De micro-angiografie voor het onderzoek van de revascularisatie van de pulpakamer na autotransplantatie van de gebitselementen was geen eenvoudige klus. Het was belangrijk de kleinste bloedvaatjes in de pulpakamer te vullen met contrastmedium zonder de druk in de bloedvaten te hoog te brengen, want dan liep de ganse pulpakamer vol contraststof.
Op welke resultaten hoop je?
Ik hoop een kleine stap te kunnen zetten in de richting van een groter indicatiegebied voor autotransplantatie van gebitselementen. Als zou blijken dat revascularisatie en ingroei van nieuw weefsel in een lege pulpakamer na transplantatie en eventueel cryopreservatie leiden tot een vitaal gebitselement met een vitale odontoblastenlaag, komen we een stapje dichterbij.
Wat levert dit onderzoek voor de tandheelkunde, de patiënt of de mondzorgverlener op?

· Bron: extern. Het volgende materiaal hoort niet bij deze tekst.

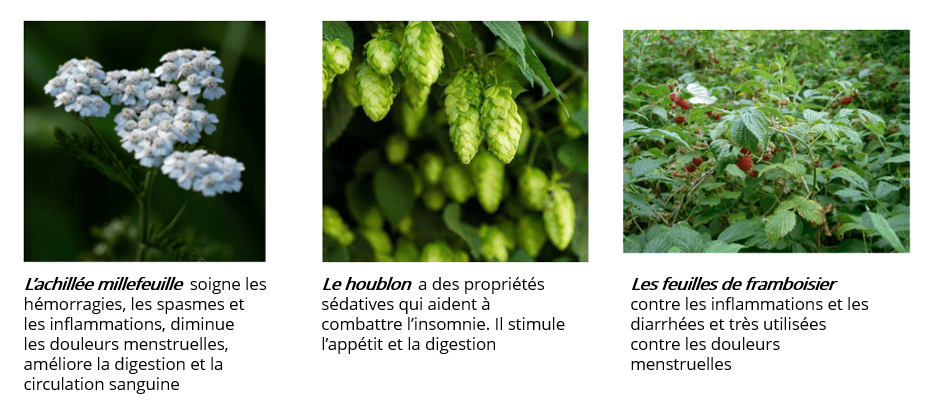 - Infusion de verveine, d’achillée millefeuilles, d’orties blanches, de camomille, de tilleul, de romarin et/ou de feuilles de framboisier parmis les plantes les plus fréquemment utilisées, à boire quelques jours avant et pendant les règles à raison d’un litre par jour (environ 15-20 g de plante sèche par litre). Il est également possible d’utiliser la sauge officinale, mais cette plante ne peut être utilisée en cas d’antécédents médicaux liés au système endocrinien (SOPK, cancer du sein, …). La proportion des plantes que vous utilisez dépend de l’effet recherché : antispasmodique, anti-douleur, légère diminution du flux sanguin, anti-inflammatoire …

Op dit moment kunnen we gebitslementen waarvan de wortel driekwart is afgevormd met een grote kans op succes bij eenzelfde patiënt transplanteren. Hierdoor is deze techniek zeer leeftijdgebonden. De mogelijkheid om gebitselementen tijdelijk in te vriezen en op latere leeftijd te transplanteren met behoud van hun vitaliteit zou het indicatiegebied voor autotransplantatie van gebitselementen veel groter maken.